------ Extracted data ------

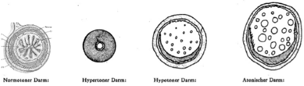 Ein entscheidendes Kriterium für einen gesunden Darm ist seine Fähigkeit, sich nach Mahlzeiten auch wieder leer machen zu können. Dazu braucht es einen guten Tonus der Darmmuskulatur (siehe Bild normotoner Darm), um die einzelnen Muskelschichten koordiniert einsetzen zu können. Jede akute Überforderung und Reizung provoziert eine Gegenreaktion: Den hypertonen, spastischen, schmerzenden Darm. Nach Wegfall des Reizes kann er sich wieder in den Normalzustand zurückbilden. Bei Fortbestand der Irritation kommt es zu einer chronischen Überforderung mit zunehmender Ermüdung, zu einem hypotonen Darm. In diesem schlaffen und erweiterten Muskelschlauch ist es feucht, dunkel, warm; der Transport stagniert, so dass optimale Bedingungen zur Fermentation oder Fäulnis von noch unverdauter Nahrung gegeben sind. Die entstehende Inhaltsvermehrung durch Gase wird dann als vergrößerter Bauch deutlich sichtbar. Ein Beweis dafür, dass die Verdauungskraft zuletzt nicht ausreichend war, um die Nahrung richtig zu verarbeiten.
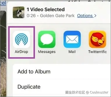 步骤1. 确保您的iPhone和Mac都连接到同一个Wi-Fi网络,并且两台设备上都启用了AirDrop。在iPhone上,打开“照片”应用程序,然后选择要传输的视频。然后点击“共享”按钮,然后点击AirDrop图标。
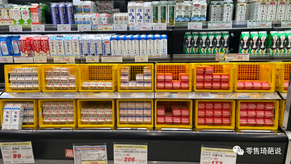 陳列方式非常簡單,食品的箱裝售賣多。牛奶也是直接按箱陳列。
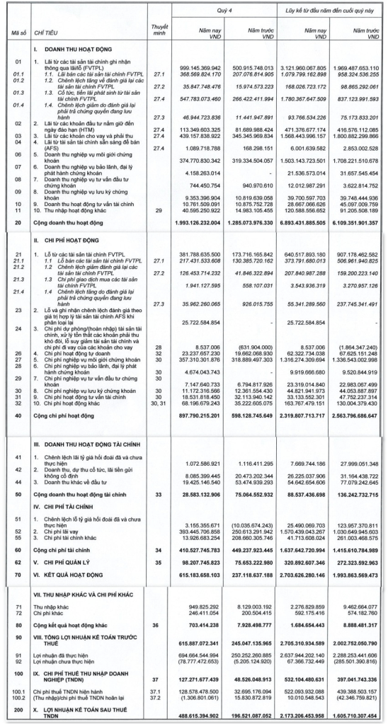 – Trong Q4 thì lợi nhuận từ FVTPL khoảng 618 tỷ với khoản cổ tức, tiền lãi đóng góp trọng yếu. Lãi từ cho vay margin và ứng trước tiền bán là 439 tỷ. Lợi nhuận từ môi giới chỉ 17 tỷ.
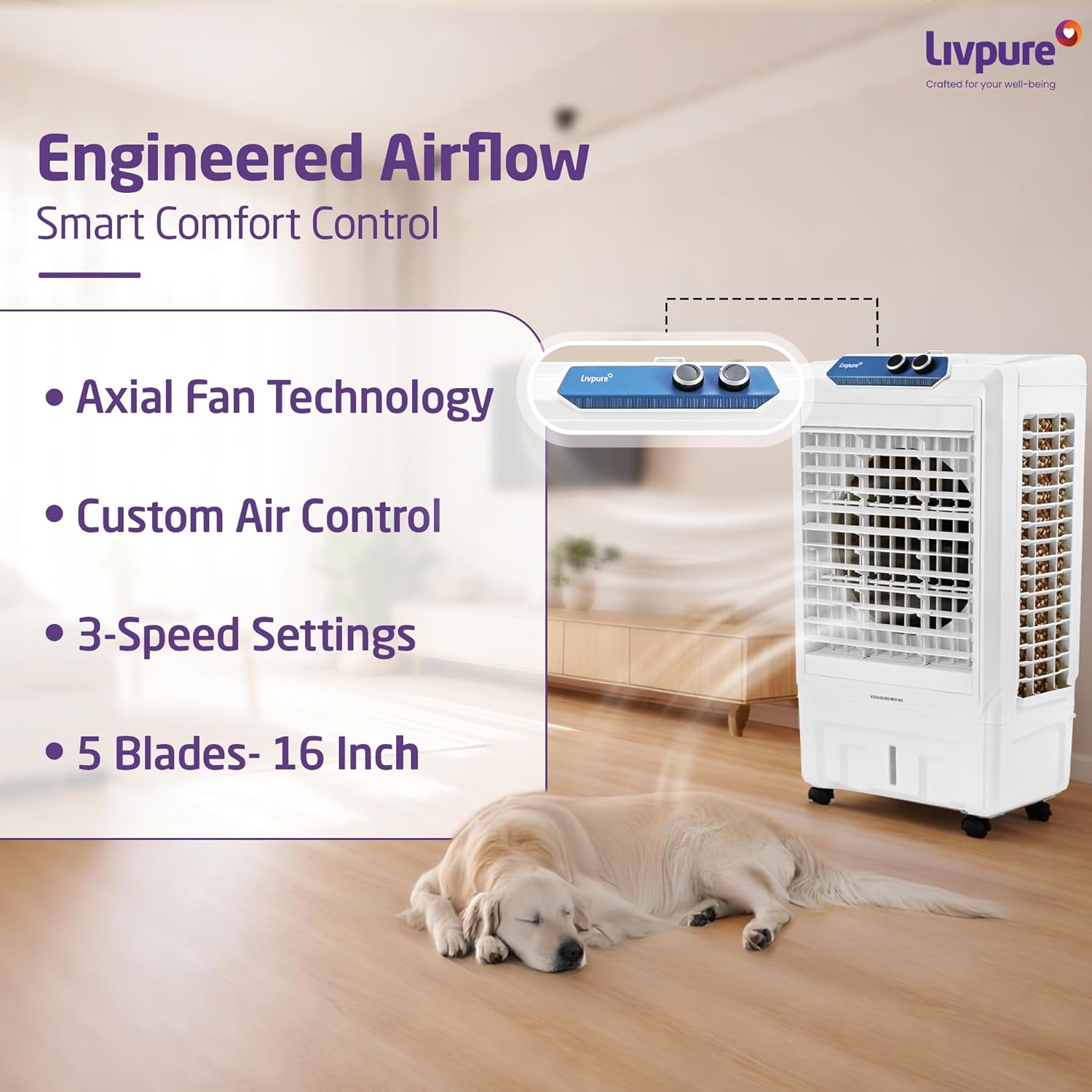 Advanced Airflow Control: Powered by axial fan technology, a 16-inch 5-blade fan, and 3-speed control, Livpure cooler ensures custom airflow control for consistent cooling even during peak summer heat.
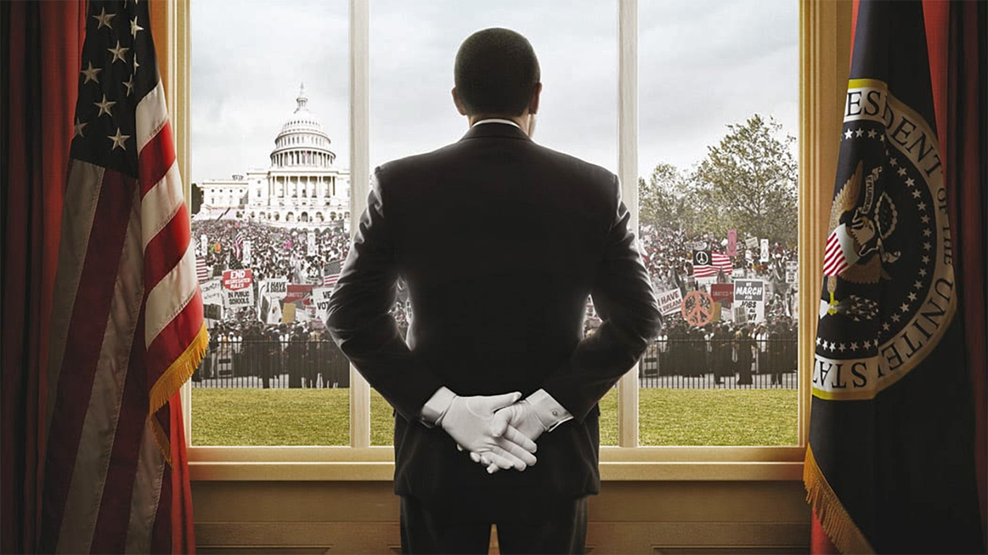 Filmens kobling til problemfilmen ses allerede af dens snedige plakat, hvor hovedpersonen (Cecil Gaines spillet af Forest Whitaker) ses som en silhuet med højre hånd selvsikkert hævet (i det der ligner en reference til De sorte pantere, men med en hvid tjenerhandske) og venstre hånd, der roligt og graciøst balancerer Det Hvide Hus på et sølvfad. Han er tjener – hvad traditionelt har været den sorte mands lod i USA – men holder USA’s fremtid i hånden (kunne det ligne en allusion til Obama?) og han rummer både den konsensuelle tjener og den aggressive oprører i én og samme person (jf. den hævede men hvidhandskede højre hånd) (jf. fig. 1).
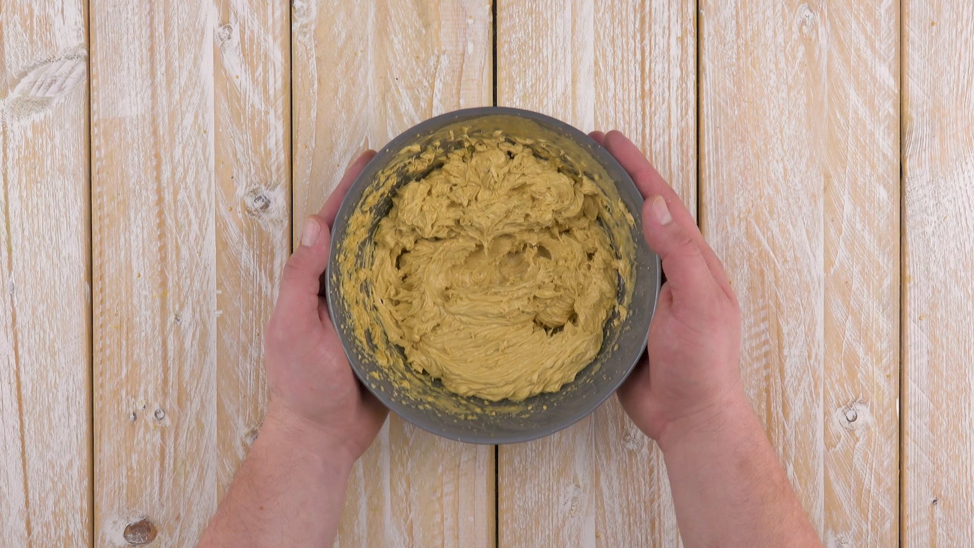 1.) Verrühre zunächst die Eier mit einem Handrührgerät mit den gemahlenen Mandeln und dem Puderzucker. Rühre dann die flüssige Butter ein. Als Letztes hebst du vorsichtig Mehl und Eischnee unter.
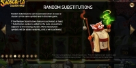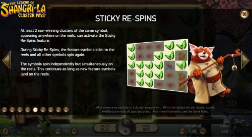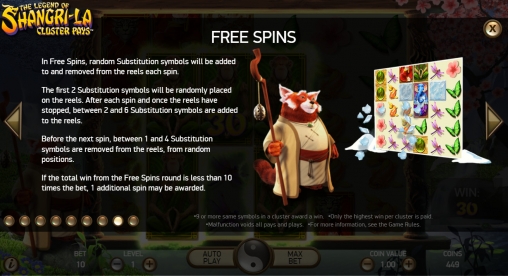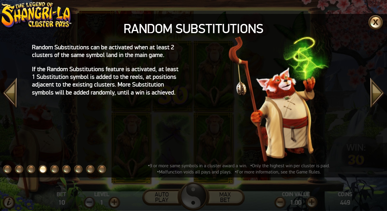 • Random Substitution – Слева от барабанов находится красная панда с посохом. Если на поле есть минимум два кластера, она превращает один или несколько других символов в джокеры.
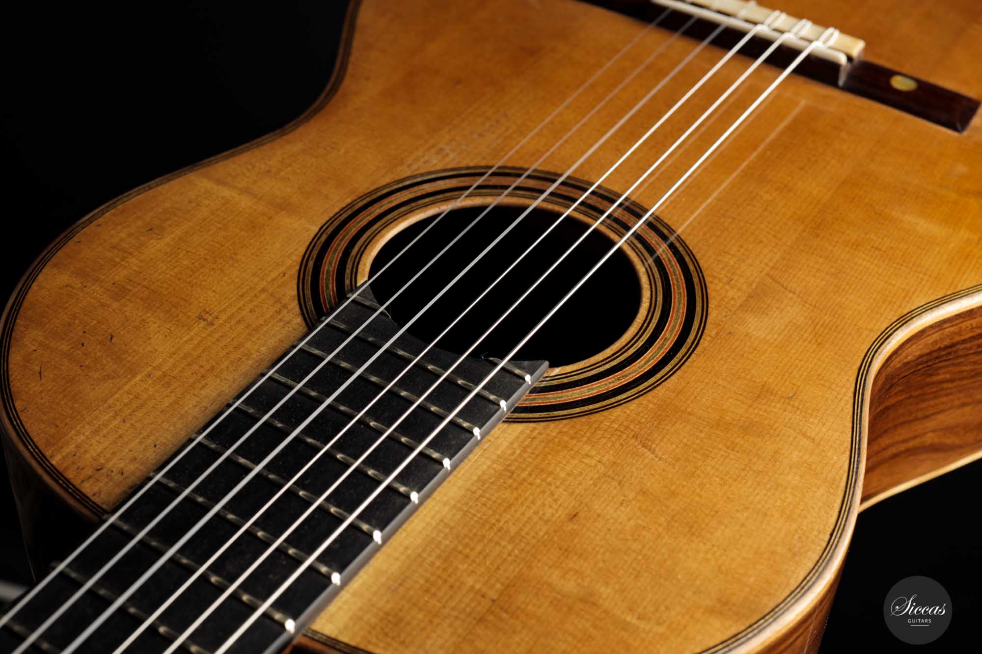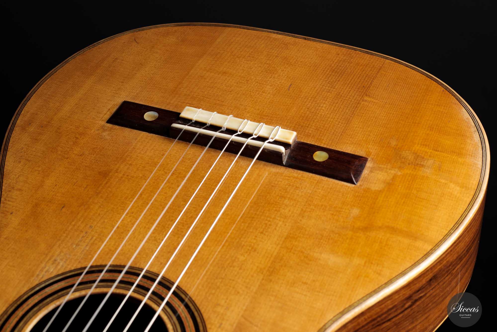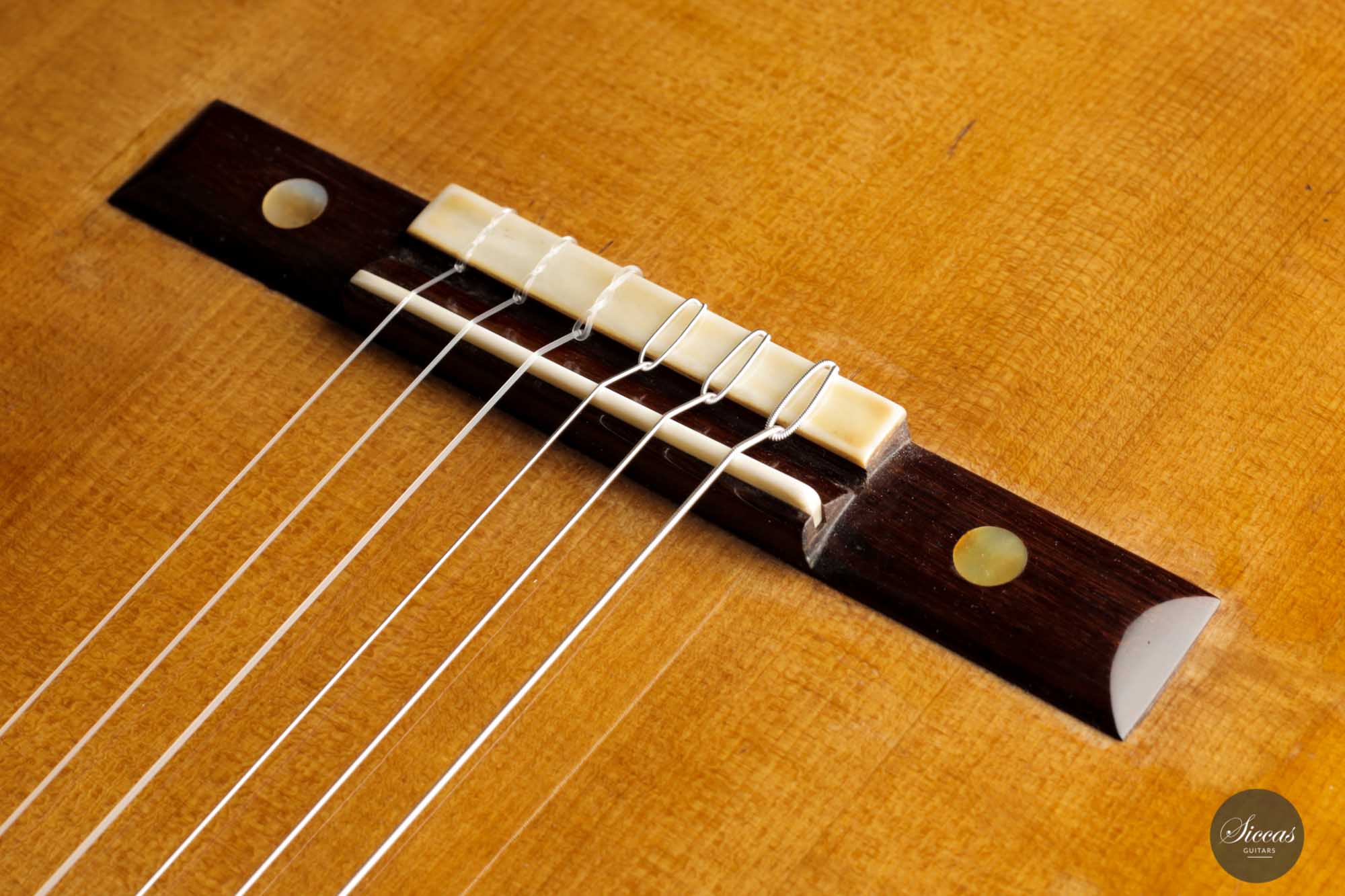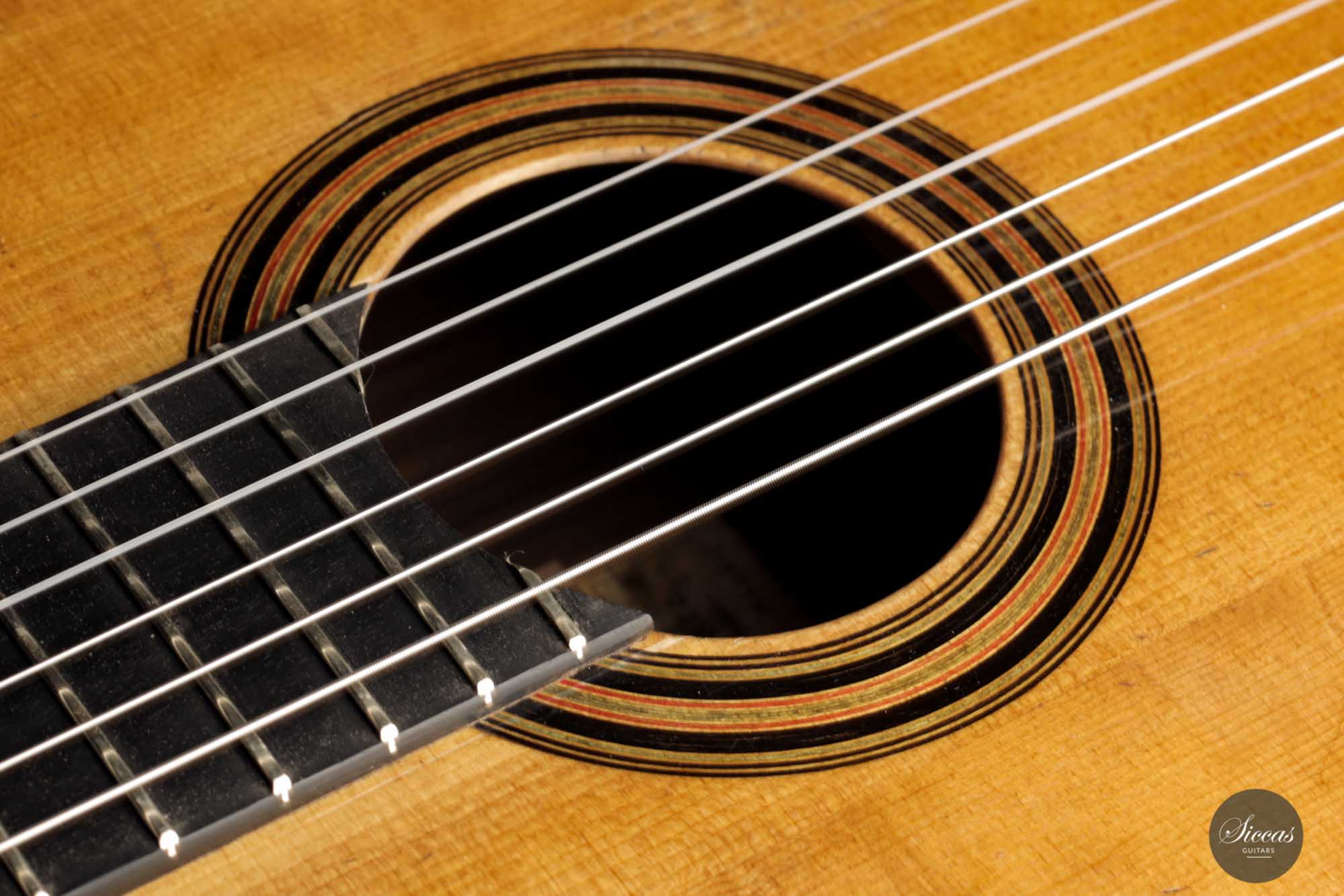 Diese Gitarre ist bemerkenswert. Dass Lucio Carbone ein Meister auf diesem Gebiet ist, war uns bekannt, aber wir hätten nicht mit einem so verblüffenden Ergebnis gerechnet. Die Akkuratesse der Farbgebung, der Textur und der Patina dieser Antonio de Torres-Kopie macht es selbst für ein geübtes Auge schwer, sie als neue Gitarre zu erkennen. Lucio hat sogar "Scheinrisse" auf die Oberfläche von Boden und Zargen übertragen und ein Faksimile der Originaletiketten angefertigt. Erfreulicherweise macht Lucio Carbones Brandstempel, die sich im Inneren der Gitarre und auf der Rückseite des Kopfes befinden, deutlich, dass es sich ume eine Kopie und kein Plagiat handelt. Dieses Instrument war eine Sonderbestellung von Siccas als Herausforderung an Lucio, eine möglichst realistische Torres-Kopie zu bauen, und das Ergebnis ist erstaunlich.

------

=== Directions for this task ===
Keeping every word as it is, write out all the data and omit the pictures.

=== Answer to the exercise ===
 Ein entscheidendes Kriterium für einen gesunden Darm ist seine Fähigkeit, sich nach Mahlzeiten auch wieder leer machen zu können. Dazu braucht es einen guten Tonus der Darmmuskulatur (siehe Bild normotoner Darm), um die einzelnen Muskelschichten koordiniert einsetzen zu können. Jede akute Überforderung und Reizung provoziert eine Gegenreaktion: Den hypertonen, spastischen, schmerzenden Darm. Nach Wegfall des Reizes kann er sich wieder in den Normalzustand zurückbilden. Bei Fortbestand der Irritation kommt es zu einer chronischen Überforderung mit zunehmender Ermüdung, zu einem hypotonen Darm. In diesem schlaffen und erweiterten Muskelschlauch ist es feucht, dunkel, warm; der Transport stagniert, so dass optimale Bedingungen zur Fermentation oder Fäulnis von noch unverdauter Nahrung gegeben sind. Die entstehende Inhaltsvermehrung durch Gase wird dann als vergrößerter Bauch deutlich sichtbar. Ein Beweis dafür, dass die Verdauungskraft zuletzt nicht ausreichend war, um die Nahrung richtig zu verarbeiten.
 步骤1. 确保您的iPhone和Mac都连接到同一个Wi-Fi网络,并且两台设备上都启用了AirDrop。在iPhone上,打开“照片”应用程序,然后选择要传输的视频。然后点击“共享”按钮,然后点击AirDrop图标。
 陳列方式非常簡單,食品的箱裝售賣多。牛奶也是直接按箱陳列。
 – Trong Q4 thì lợi nhuận từ FVTPL khoảng 618 tỷ với khoản cổ tức, tiền lãi đóng góp trọng yếu. Lãi từ cho vay margin và ứng trước tiền bán là 439 tỷ. Lợi nhuận từ môi giới chỉ 17 tỷ.
 Advanced Airflow Control: Powered by axial fan technology, a 16-inch 5-blade fan, and 3-speed control, Livpure cooler ensures custom airflow control for consistent cooling even during peak summer heat.
 Filmens kobling til problemfilmen ses allerede af dens snedige plakat, hvor hovedpersonen (Cecil Gaines spillet af Forest Whitaker) ses som en silhuet med højre hånd selvsikkert hævet (i det der ligner en reference til De sorte pantere, men med en hvid tjenerhandske) og venstre hånd, der roligt og graciøst balancerer Det Hvide Hus på et sølvfad. Han er tjener – hvad traditionelt har været den sorte mands lod i USA – men holder USA’s fremtid i hånden (kunne det ligne en allusion til Obama?) og han rummer både den konsensuelle tjener og den aggressive oprører i én og samme person (jf. den hævede men hvidhandskede højre hånd) (jf. fig. 1).
 1.) Verrühre zunächst die Eier mit einem Handrührgerät mit den gemahlenen Mandeln und dem Puderzucker. Rühre dann die flüssige Butter ein. Als Letztes hebst du vorsichtig Mehl und Eischnee unter.
 • Random Substitution – Слева от барабанов находится красная панда с посохом. Если на поле есть минимум два кластера, она превращает один или несколько других символов в джокеры.
 Diese Gitarre ist bemerkenswert. Dass Lucio Carbone ein Meister auf diesem Gebiet ist, war uns bekannt, aber wir hätten nicht mit einem so verblüffenden Ergebnis gerechnet. Die Akkuratesse der Farbgebung, der Textur und der Patina dieser Antonio de Torres-Kopie macht es selbst für ein geübtes Auge schwer, sie als neue Gitarre zu erkennen. Lucio hat sogar "Scheinrisse" auf die Oberfläche von Boden und Zargen übertragen und ein Faksimile der Originaletiketten angefertigt. Erfreulicherweise macht Lucio Carbones Brandstempel, die sich im Inneren der Gitarre und auf der Rückseite des Kopfes befinden, deutlich, dass es sich ume eine Kopie und kein Plagiat handelt. Dieses Instrument war eine Sonderbestellung von Siccas als Herausforderung an Lucio, eine möglichst realistische Torres-Kopie zu bauen, und das Ergebnis ist erstaunlich.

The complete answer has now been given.